Task prompt: Skip the pictures. Retype exactly, and only, the lines between the line holding "Figure 5. Chanticleer Gardens." and the last line below, inclusive.

Stored records:
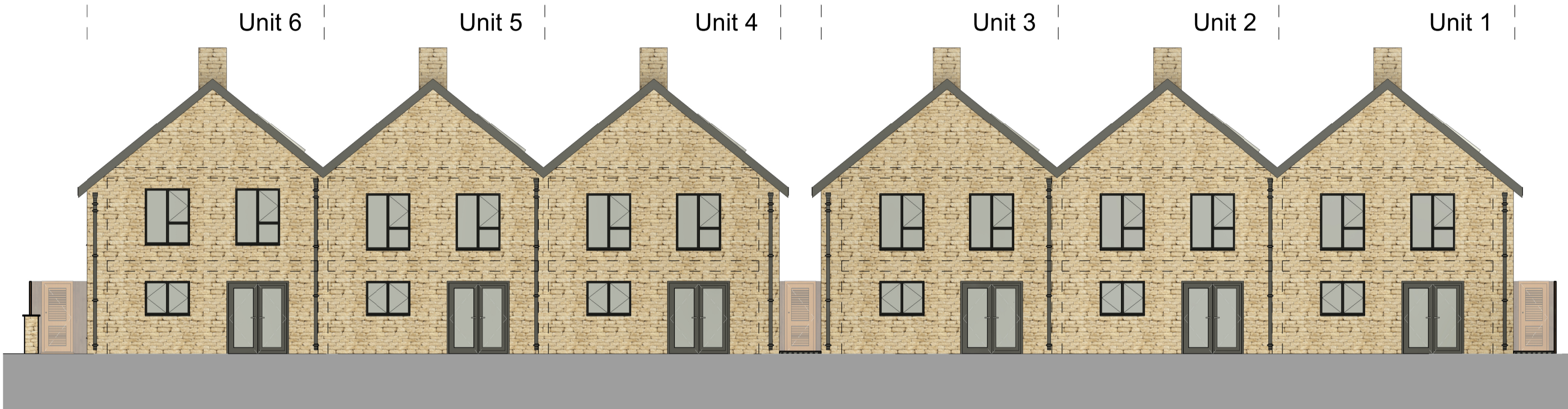
Proposed West Elevation - Back Elevation
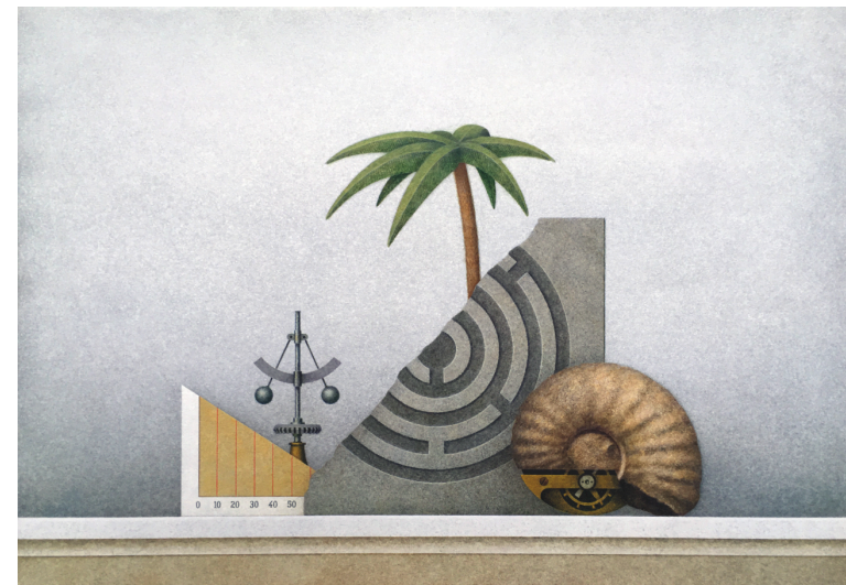
Friedrich Meckseper Amboß , 2009 Acrylic on canvas 70 x 90 cm
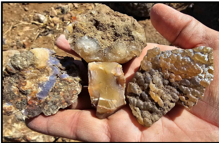
Corey found some cool rocks on his summer adventure.
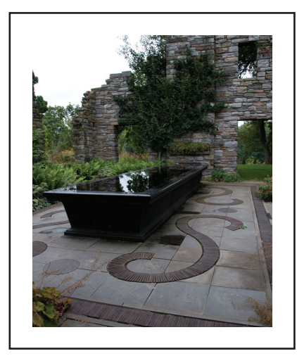
Figure 5. Chanticleer Gardens.

Posters Session. Viewing will be available throughout the day and evening.
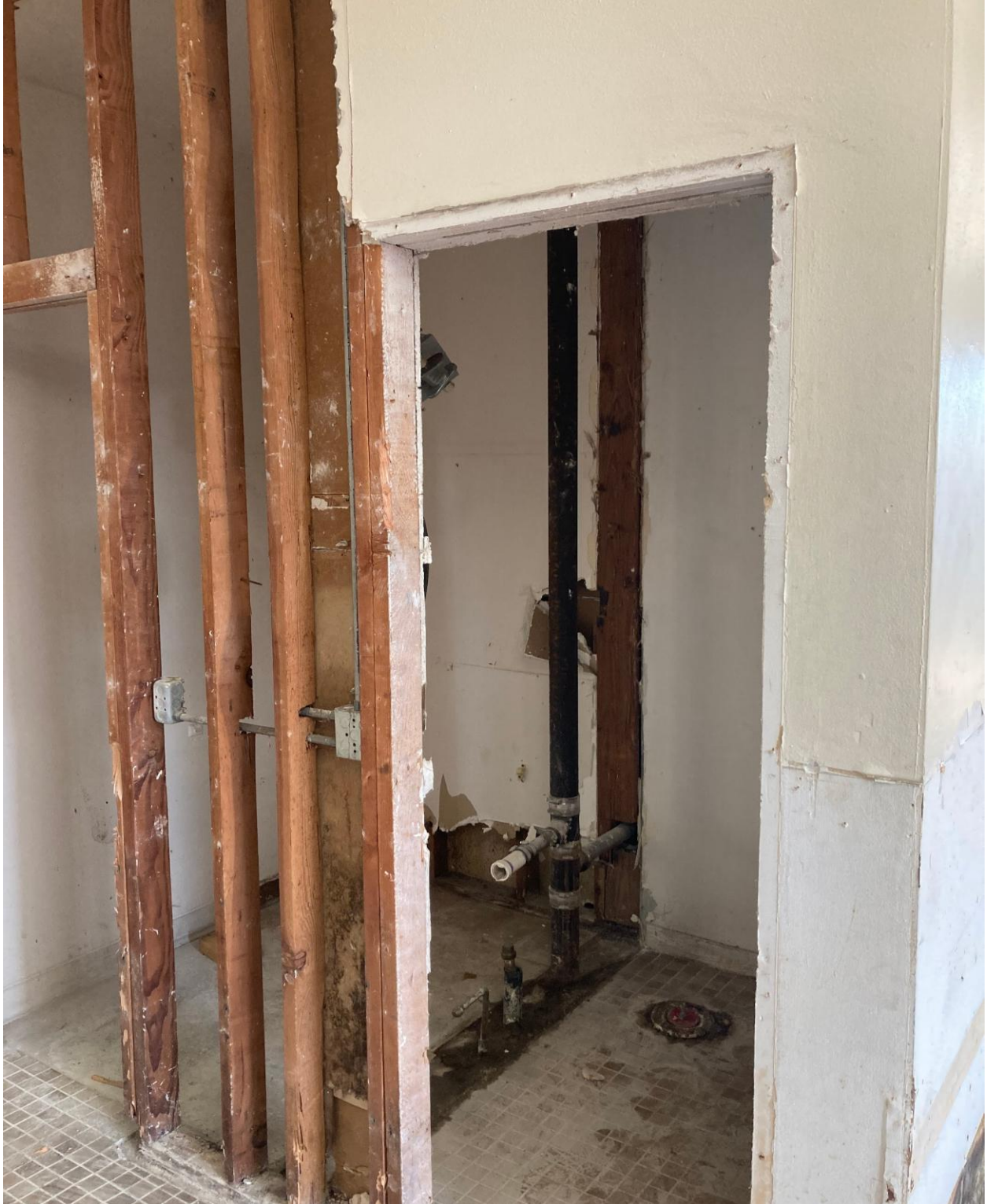
PLYMOUTH LAUNDRY- THIS WAS THE REST ROOM ON RIGHT AND SLOP SINK ROOM ON THE LEFT. THIS SPACE WILL BE MADE INTO A SINGLE ADA COMPLIANT REST ROOM.

Reply to the exercise:
Figure 5. Chanticleer Gardens.

Posters Session. Viewing will be available throughout the day and evening.
PLYMOUTH LAUNDRY- THIS WAS THE REST ROOM ON RIGHT AND SLOP SINK ROOM ON THE LEFT. THIS SPACE WILL BE MADE INTO A SINGLE ADA COMPLIANT REST ROOM.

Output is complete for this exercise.